Other orders to establish schools in New Zealand included the Brigidines who were founded in 1808 in Carlow, Ireland. In 1899 six sisters came from Cooma and Coonamble, NSW, Australia, to Masterton in the Wairarapa to establish a parish school and a secondary school for girls. The Marist Sisters, founded by Jeanne-Marie Chavoin (Mother Saint Joseph) and Jean-Claude Colin in Cerdon France in 1824, established a secondary school for girls in Mount Albert, Auckland, in 1928. Anne-Marie Javouhey founded the Congregation of Sisters of St Joseph of Cluny in 1807 in Chalon, France. In 1940, at the invitation of Bishop James Liston, Mother Ursula McCormack, superior of the Congregation in the Pacific Islands came from Fiji to establish a community in Tauranga, in the Bay of Plenty. The sisters were involved largely in education, opening a school in Tauranga in 1942. Nano Nagle founded the Presentation Sisters in Cork, Ireland, in 1777. In 1950 six sisters left Ireland for New Zealand establishing primary schools including St Michael’s Taita, Lower Hutt and St Peter Chanel Green Island near Dunedin.

Glossary

Diocesan order: A religious order, or sacred congregation that comes directly under the authority of a diocesan bishop.

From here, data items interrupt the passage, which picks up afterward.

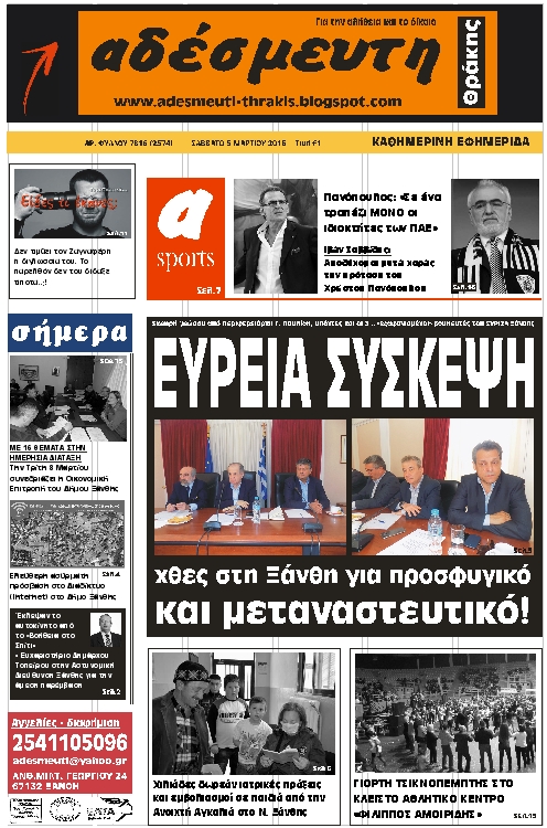 ΠΡΩΤΟΣΕΛΙΔΟ ΕΦΗΜΕΡΙΔΑΣ 5 ΜΑΡΤΙΟΥ 2016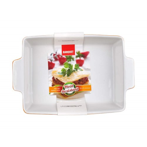 Keramická obdélníková zapékací forma 33 x 21 cm CULINARIA Orange s praktickými držadly pro snadnou manipulaci, výška formy 6,5 cm, bílá a oranžová glazura, vnější strana formy má vlnkový reliéf. Keramické formy rovnoměrně absorbují teplo a postupně ho uvolňují, díky čemuž se pokrmy dobře propečou.
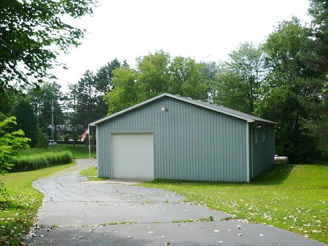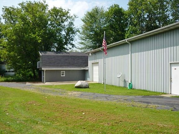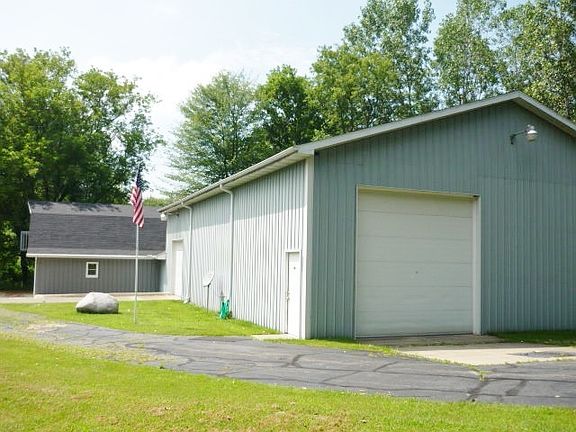 ULTIMATE MAN CAVE! WOW! Over 3,000 sq. ft. of space for your toys & fun. Power gate & doors for security, plus security system. Overhead door to accommodate a motor home. Car hoist in main building and air compressor. Furnace, full bath, laundry hook-up - all you need is a kitchen & call it home! Additional garage & side entry door to main building. Attached to a 2 story building with separate furnace & a/c up & down. Wood paneled living space upstairs with closets. Perfect get-a-way. Even has little balcony that overlooks the woods. New roof 3 yrs ago. Has well & septic system. All other contents are negotiable. Propane gas. Sits on 1 acre.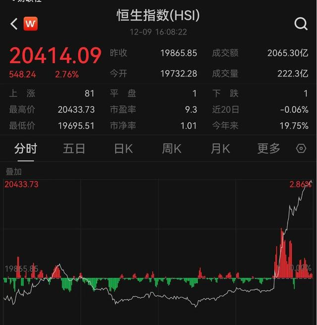 政治局会议通稿发出后,港股尚在交易中,恒生科技率先拉升,收盘后,香港恒生指数收涨2.76%,恒生指数重返2万点;恒生科技指数涨4.3%。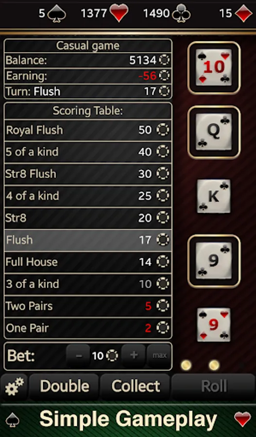 ★ Casual Game: Video Poker like game play.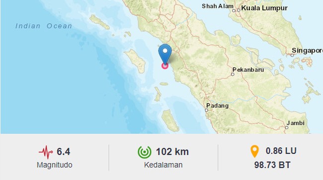 Gempa magnitudo 6,4 mengguncang wilayah Padang Sidempuan, Sumatera Utara. BMKG menyampaikan kedalaman gempa berada di 102 kilometer.

Fencibles: The Royal New Zealand Fencible corps was made up of retired soldiers from Britain and Ireland, often referred to as ‘Pensioners’, who enlisted as a military reserve to act as a ‘defence force’ for the protection of the early settlers in the fledgling town of Auckland, New Zealand. Fencible settlements were made in Onehunga, Otahuhu, Panmure and Howick. The Fencibles were provided with a cottage and an acre of land that after seven years service they would own http://www.nzfenciblesociety.org.nz

Matriculation: Students sat Matriculation (later University Entrance) in their third or fourth year of high school (Year 11 or 12 in New Zealand). In order to qualify for a Higher Leaving Certificate, which covered university fees, and to try for university scholarships, most stayed on for a fourth year.

Monitorial system: This system of teaching was practiced most extensively in the early 19th century. Older or better scholars taught the younger or weaker pupils. It proved to be a cheap way of making primary education more inclusive and enabled larger class sizes.

Pontifical order: A religious order, or sacred congregation that is responsible and accountable to the Pope. It is not under the direct authority of a diocesan bishop.